Oh, that's right. Hm... thus there are no such things as Multi-Master
Replication for shared-disk or shared-memory machines, because that's
not replication. My fault, sorry.

> And I
> don't think RAC can be emulated at all at the application level with 2PC.

No, that would not make sense. The paragraph is about Multi Master
Replication, which I thought Oracle RAC would be in. But I agree that
Oracle RAC should not be considered replication at all.

What do you think about sharing disks by the means of network file
systems, like OCFS2? I was under the impression that Oracle built that
one to run RAC on top of it. That combination would run on a shared
nothing cluster, but does that make it replication?

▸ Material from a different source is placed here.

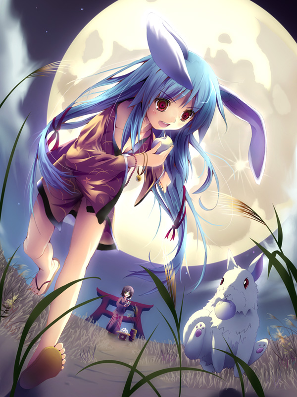 2girls animal_ears blue_hair eating feet food full_moon japanese_clothes kimono legs mochi moon multiple_girls original rabbit rabbit_ears red_eyes sandals toes torii wagashi yamamoto_nori yukata zouri

According to you, what category does Oracle RAC (and PGCluster-II)
belong to? Shared Disk Clusters?

> Classifying replication protocols is indeed a hard problem. Besides my issues
> with the multi-master replication using clustering category, I miss a
> reference to multi-master asynchronous replication (and thus, to
> reconciliation), which is a big issue in Oracle, MS SQL, etc literature.

Yeah, I'm missing that, too.

Well, the docu talks about async and sync, but IMO, it's somewhat sloppy
in that it only covers one aspect of synchronous replication (namely
that a failover will not loose data).

The other statement, that 'servers will return consistent results with
no propagation delay' is somewhat uncorrect, as there certainly is a
delay of propagation before the commit. And in that the individual
databases are very well consistent, just not synchronous.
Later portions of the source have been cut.